David Maloney has been a journalist for more than 35 years and is currently the group editorial director for DC Velocity and Supply Chain Quarterly magazines. In this role, he is responsible for the editorial content of both brands of Agile Business Media. Dave joined DC Velocity in April of 2004. Prior to that, he was a senior editor for Modern Materials Handling magazine. Dave also has extensive experience as a broadcast journalist. Before writing for supply chain publications, he was a journalist, television producer and director in Pittsburgh. Dave combines a background of reporting on logistics with his video production experience to bring new opportunities to DC Velocity readers, including web videos highlighting top distribution and logistics facilities, webcasts and other cross-media projects. He continues to live and work in the Pittsburgh area.
When an electric lift truck's battery begins to lose its juice, DCs deal with it in one of two ways: They either remove the drained battery and replace it with a fresh one or they send the lift truck over to a high-voltage charger for a quick recharge while the battery remains in the truck. Whether a given DC chooses the traditional battery exchange method or the newer "fast charging" option depends on a number of factors, including the number of vehicles in service, time available for charging, size of the loads carried, and space available for power management.

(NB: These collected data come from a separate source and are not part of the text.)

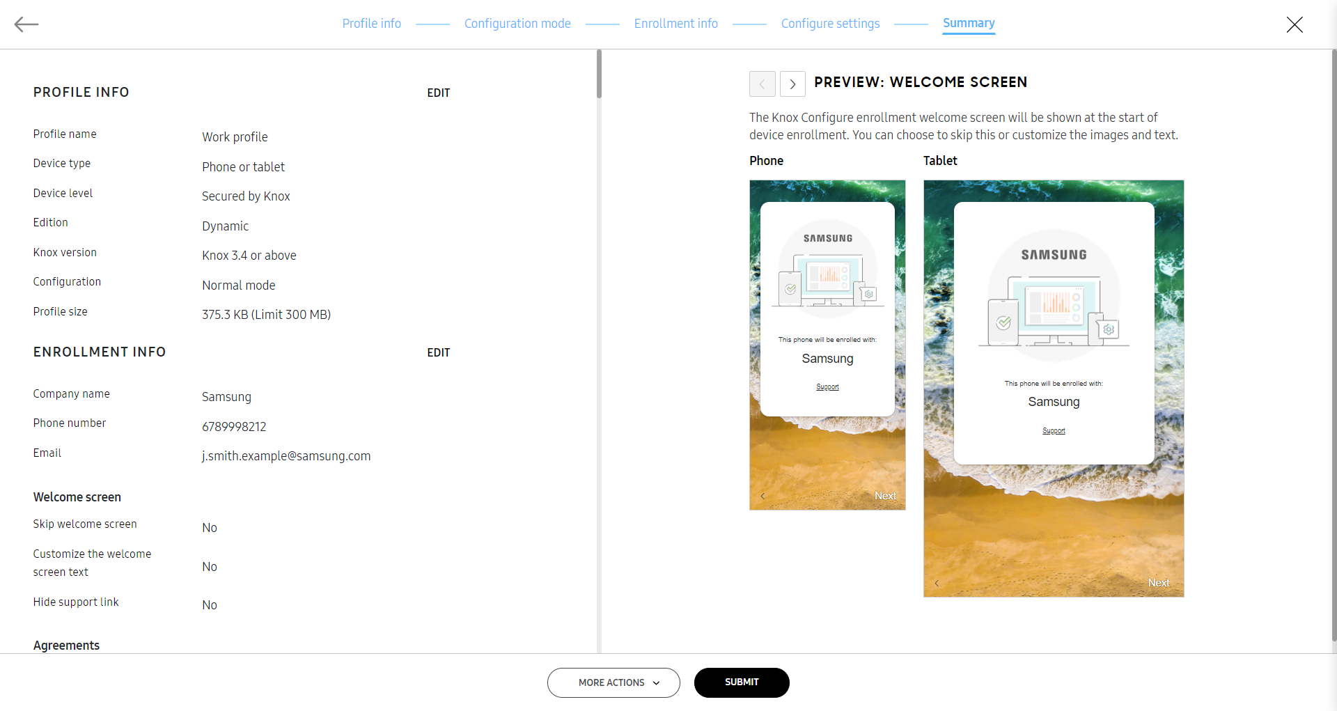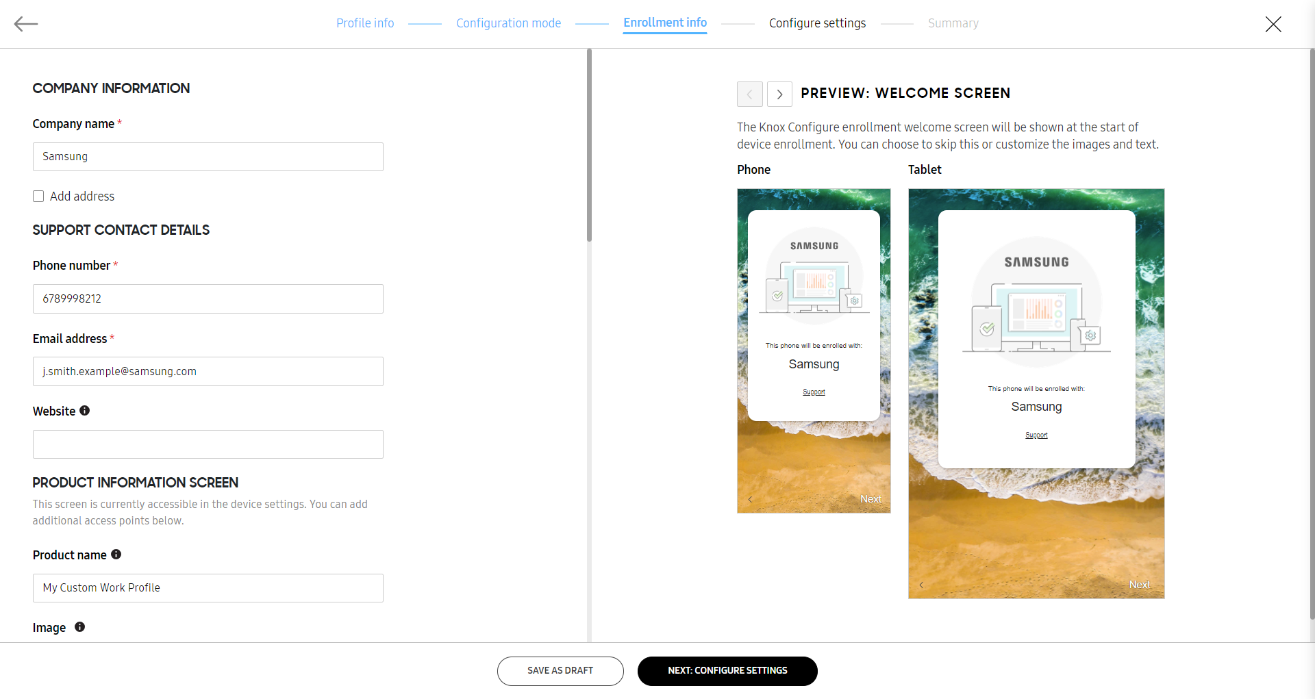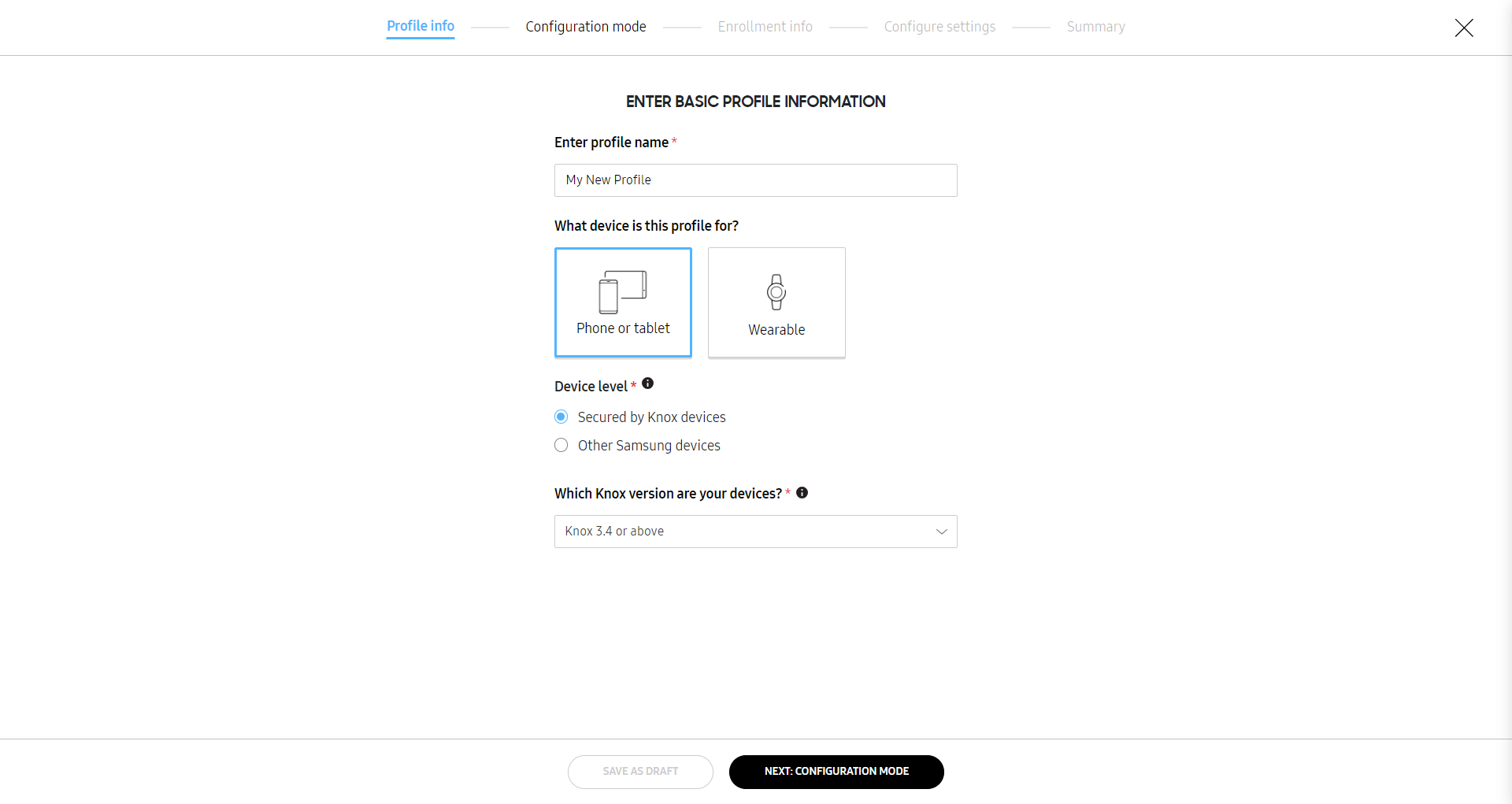 1. Profile info: Give your profile a name and specify the device type and Samsung Knox version you want to use.
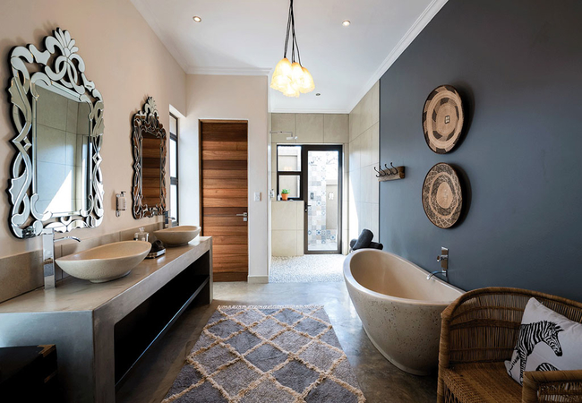Glamorous is the word that best describes this room which can be found elevated above the bush-veld and enjoys excellent views from the private deck. The suite is furnished with a King-size extra length bed. A large Moroccan inspired outdoor shower also is a main feature in this suite overlooking the majestic Drakensberg Mountains range. Inside, a beautiful blue-hued Persian, bejewels the floor beneath your feet and beaded cluster chandelier bring light and elegance to the bathroom which boasts a freestanding stone bath, double vanity basin, walk-in shower and toilet. The suite is equipped with a bar fridge which can be stocked in advance on request, Wi-Fi and air conditioning. Leopard is the room for the romantics.
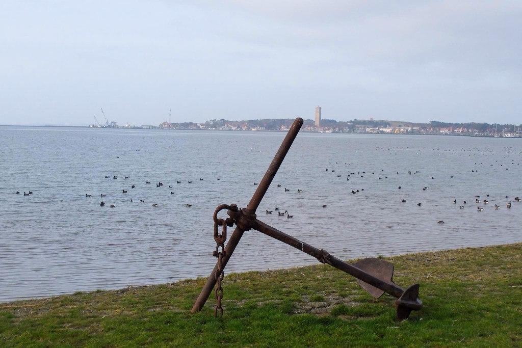 Wat ik wel goed kan is hard tegen de wind in fietsen of tegen de dijk op naar de zee. Het was een zware dobber geweest om dan eindelijk de zee te zien na een lange fietstocht. En om eerlijk te zijn, het viel me een beetje tegen. Ik zag de zee, ik rook de zee, maar ik hoorde haar niet. Ik kon niet even de zee voelen. Geen bruisende golven of golfjes over mijn blote voeten. Het was eb. Daar ver weg lag de zee als een blauwgrijs laken stil de zee te zijn. De ene zee is de andere niet.
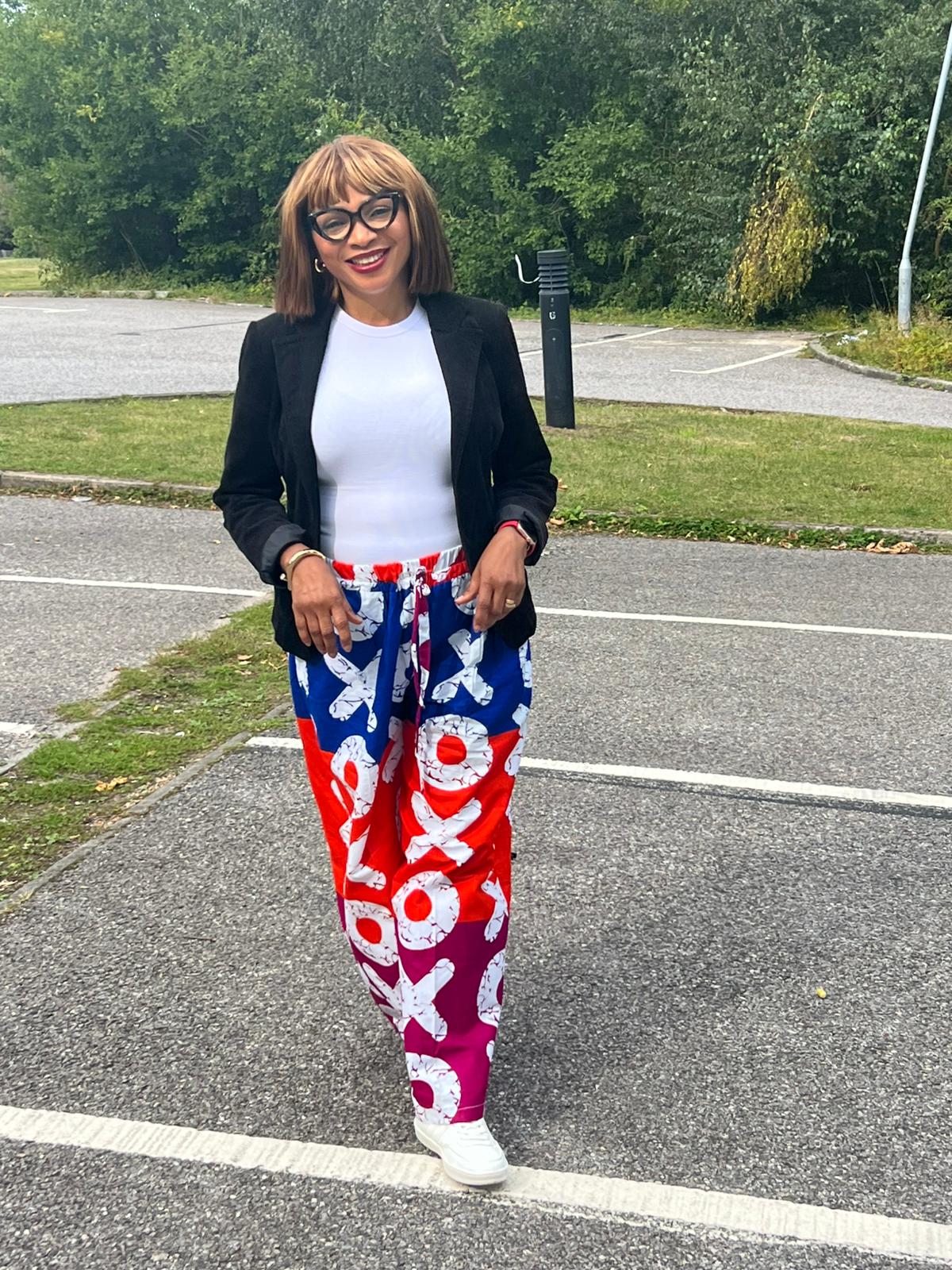The loose, flowing silhouette ensures maximum comfort and a flattering fit for all body types. Whether you’re dressing up for a special occasion or adding a pop of color to your everyday look, these pants are incredibly versatile. Pair them with a simple white top and a classic black blazer, as shown, to create a sophisticated yet casual ensemble that is both stylish and culturally rich.

In the not-too-distant future, there may be a third choice. Looming on the horizon is yet another power technology. Hydrogen fuel cells, though still very much in their infancy, may someday find practical applications in warehouses. With fuel cells, there are no batteries to be charged; the fuel cells would simply be refilled with hydrogen, similar to fueling a car with gasoline. But that day still appears to be a ways off. Fuel cell developers have yet to produce fuel cells that provide enough power at a cost competitive with established systems.
Time for a change
How the future of power management shakes out is still an open question. But in the meantime, both vendors of battery changing systems and fast-charging systems continue to introduce new options.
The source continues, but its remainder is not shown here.